◆ Supplied data

--

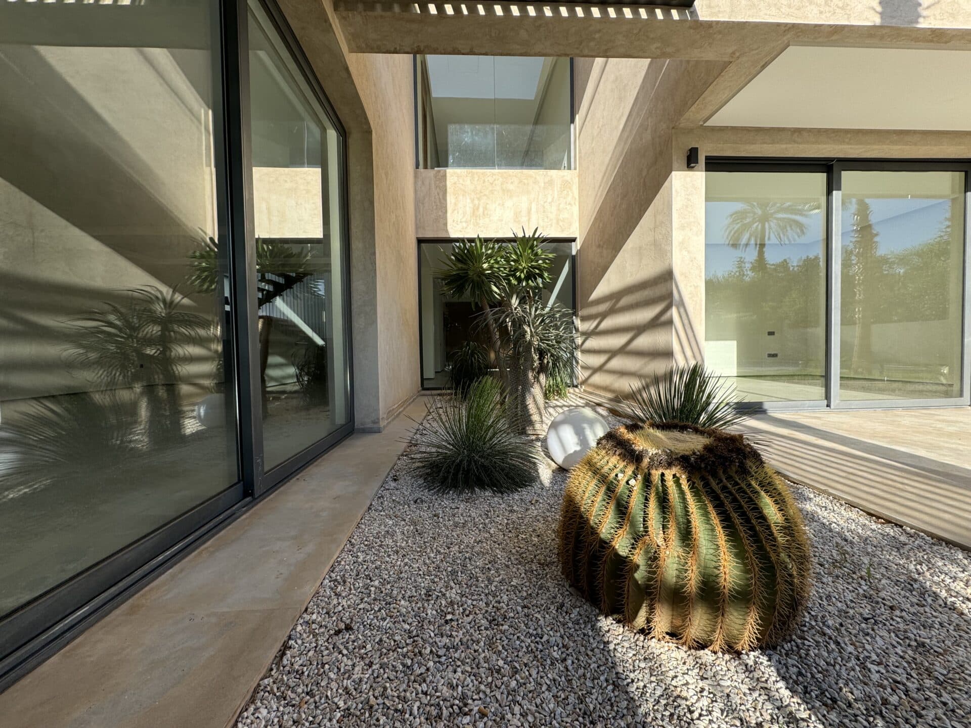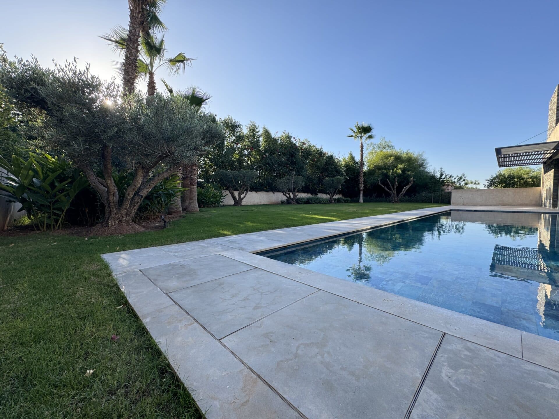 Les espaces intérieurs s'organisent autour de un salon spacieux et salle à manger avec vue sur la piscine, une cuisine équipée séparée avec arrière-cuisine fonctionnelle, une suite 2 : Salle de bain (douche, WC), placards, vue jardin et piscine, une suite 3 : Identique, offrant un confort absolu et espaces bien-être : Hammam, jacuzzi extérieur, salle de sport. Les extérieurs offrent une piscine privée avec vue dégagée sur le jardin et emplacement privilégié : Au cœur du golf d’Amelkis, à 15 minutes du centre-ville. Parmi les prestations de standing, on retrouve matériaux de qualité : Aluminium double vitrage, climatisation gainable.
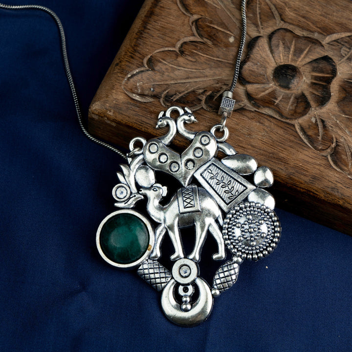 Discover the charm of Rajasthan with our oxidised neckpiece. Featuring traditional motifs and a rustic finish, it's perfect for cultural enthusiasts and heritage admirers.
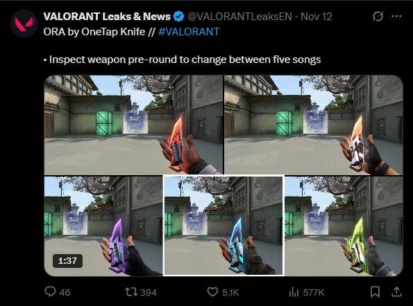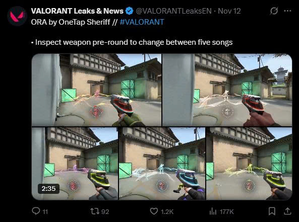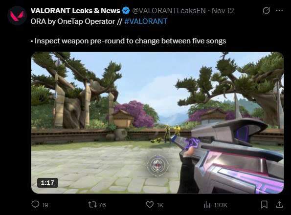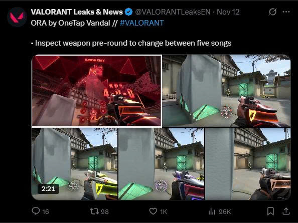 Tuyệt phẩm ORA by OneTap mang đến 5 playlist nhạc chủ đề agent gồm Iso, Phoenix, Harbor, Gekko và Chamber. Mỗi khi kiểm tra vũ khí, người chơi có thể chọn playlist riêng, thay đổi nhạc nền, hiệu ứng âm thanh khi bắn – hạ gục – và cả finisher.
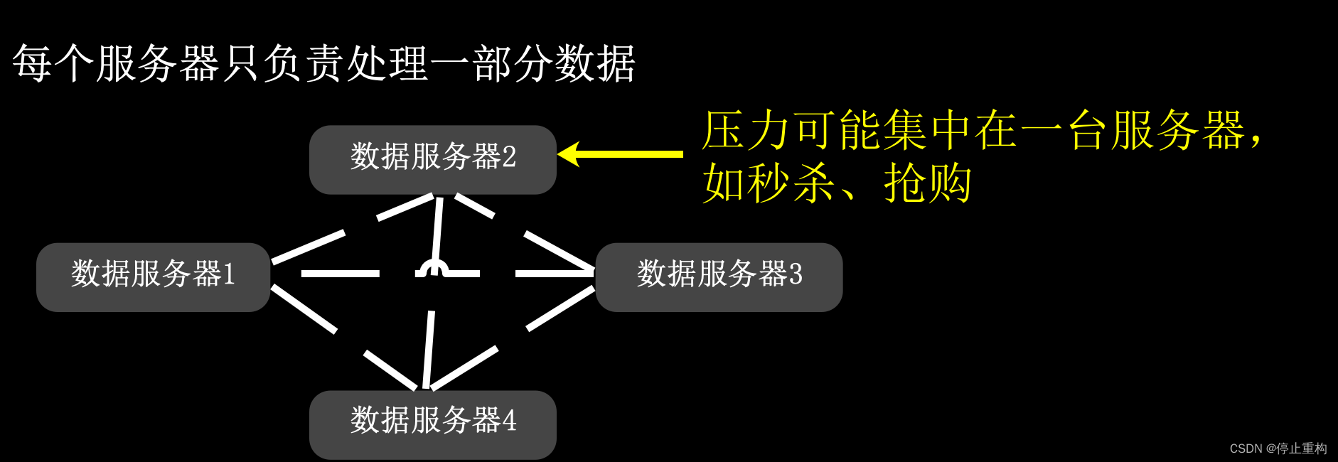 理论上会分摊所有数据的操作压力,但是如果压力集中在其中一部分数据呢 ?例如限时抢购等场景, 则其实压力仍然会集中在一台服务器上。

--

◆ Action item
Your copy should hold exactly the lines from the one that contains "Discover the charm" through the final line of the data, both ends included, and no pictures.

◆ Answer to this task
 Discover the charm of Rajasthan with our oxidised neckpiece. Featuring traditional motifs and a rustic finish, it's perfect for cultural enthusiasts and heritage admirers.
 Tuyệt phẩm ORA by OneTap mang đến 5 playlist nhạc chủ đề agent gồm Iso, Phoenix, Harbor, Gekko và Chamber. Mỗi khi kiểm tra vũ khí, người chơi có thể chọn playlist riêng, thay đổi nhạc nền, hiệu ứng âm thanh khi bắn – hạ gục – và cả finisher.
 理论上会分摊所有数据的操作压力,但是如果压力集中在其中一部分数据呢 ?例如限时抢购等场景, 则其实压力仍然会集中在一台服务器上。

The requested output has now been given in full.